Reductions in university enrollments increasing, but number of qualified engineers still in short supply.
By Ed Sperling
Uncle Sam wants you—but not on the battlefield.
The diminished pool of qualified engineering and science graduates is having a major impact on the defense market. There simply are too few trained engineers to design complex systems for the military at the rate they’re needed, creating a huge hole in a system that has been humming along for the better part of a century. And with many existing engineers retiring or retired, the need will only grow.
The problem started in the early 1990s with acquisition reform, which began tackling problems of custom-made tools. Stories about hammers and toilet seats costing hundreds of dollars made headlines across the country, and Congress reacted by moving to commercial off-the-shelf (COTS) parts. In the name of efficiency, not to mention the defense cuts of the Clinton administration, the government turned what was once an attractive career option for engineering and science graduates into an extremely unattractive option.
While it has been relatively easy for a company to get on the list of accepted suppliers—they have to meet the triple standards of reliable, safe and secure, with an established production process—the number of engineers who actually work for these companies has been in sharp decline. And so far, they haven’t returned.
“Science, technology and the underlying math and physics has been waning in schools,” said Paul Shebalin, retired U.S. Navy Rear Admiral and currently the director of the Wayne E. Meyer Institute of Systems Engineering at the Naval Postgraduate School in Monterey, Calif. “That’s especially true for those individuals who are eligible for DoD (Department of Defense) clearance.”
Enrollment at engineering schools dropped precipitously in the beginning of the decade, but it appears to be on the rise. In fact, enrollment of full-time foreign graduate students on temporary visas in science and engineering grew 16 percent in 2006, compared with only 4 percent in 2005, according to the National Science Foundation. Those numbers dropped 19 percent after the terrorist attacks on Sept. 11, 2001.
Looked at differently, the number of U.S students in those programs is growing, as well.
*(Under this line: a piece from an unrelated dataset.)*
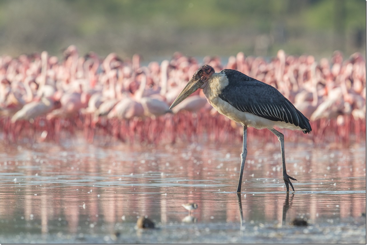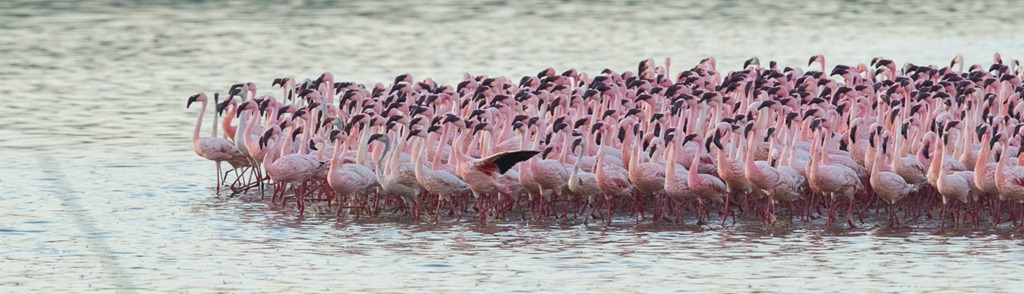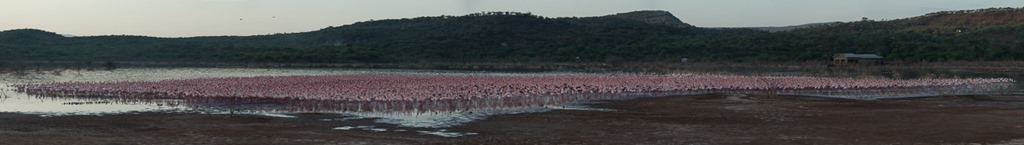 Bevor es heute zum nächsten See, dem Lake Nakuru, weitergeht, geht es am Morgen nochmals zu den Flamingos. Dank der guten Beziehungen unseres Guides zu den Parkwächtern, hatte er gestern bereits ausgehandelt, dass wir heute morgen ohne “Paperwork” (judihui, keine 10 Minuten warten bis irgendwelche Formulare in n-facher Kopie ausgefüllt sind) und Gebühren nochmals in den Park dürfen.

The percentage of U.S. students in science and engineering increased to 71% of the total students enrolled in 2005, up from 69% in 2003. The good news is that it’s far easier for U.S. citizens to get DoD clearance for sensitive defense projects. But what percentage push further into graduate education and then into complex system-level design remains to be seen.
“The typical curriculum is that in undergraduate you have electrical and mechanical engineering and computer science, and then you try to integrate all of that at the end. In graduate school, it’s a systems approach—systems process, engineering economics and process management,” Shebalin said. “What we need are people who can integrate thermal with electronics, structures, weight and propulsion. In the systems engineering process, you have to come up with a system specification that includes functional and non-functional requirements.”
He noted that the Secretary of the Navy already has issued a mandate to boost the numbers of engineers and scientists, as well as the quality of their training. “We’ve seen the problems of systems engineering done badly,” he said.